Once there are a number of similar “milk runs” something nice happens. As all of them are in close proximity and the different bits and pieces of the (not yet existing) system are similar, cooperation starts to make sense. The different fields of the steel pan all produce slightly different sounds. So will the different islands of the Caribbean all have slightly different consumption profiles and needs. That means something that loosely works together springs into place.
On the supply side, there will be small and mid-scale liquefaction terminals in the US, Mexico, Colombia, possibly even Venezuela. Trinidad and the large GOM terminals will start developing the capability to serve those markets. And there will be bulk breaking of large cargos from Africa and the Middle East.
Transport will not only be conducted with small vessels but also with LNG barges which work like packets of LNG that can be pushed and towed where you need them. They will double function as transport and storage medium. If those barges are standardized in size they can be filled with LNG and laid up for short-term storage. The LNG still remains transportable as it’s still not in the shore-based tank. If it’s needed somewhere else it can be brought there with little notice and effort and cost.
The whole disorganized system will function not unlike the data packets internet protocols are sending around. It’s a bit like a network, or a mesh of LNG supply points, flexible LNG storage and transport and of course at the end the reception points which can be shore-based installations or also barges with power generational capabilities on top.
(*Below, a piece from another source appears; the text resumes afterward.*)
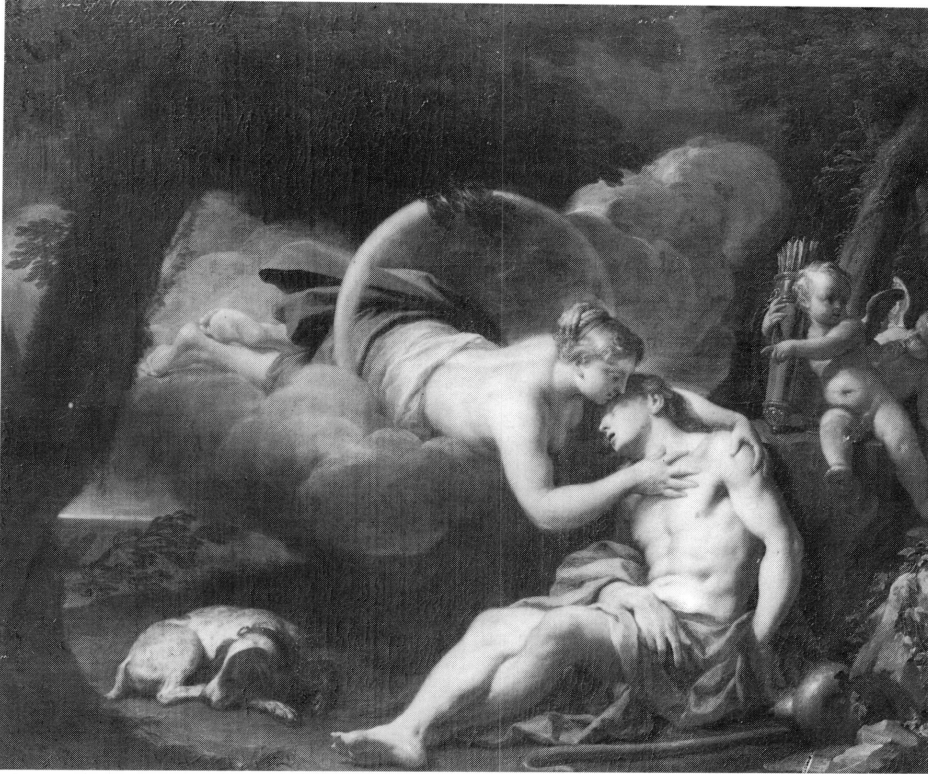
6. Francesco Trevisani Séléné et Endymion , huile, version originale.

There is no limit to what can be done in time but someone needs to do the first step. The internet started out as a very few interconnected computers as well. Time and innovation brought about the incredibly big and complex internet we know today. It was a long and chaotic development, not a big bang. Not even a straight line. And very little planning.
Oh, did I forget? In a previous post, I have not left a good hair on US shale gas as LNG export ambitions. With this little exception. US shale gas could allow the Caribbean to break its addiction to dirty oil. The world would get one of its pearls to shine again. But as usual, the path is a stony one.
This could work for many regions. The Caribbean makes a nice start.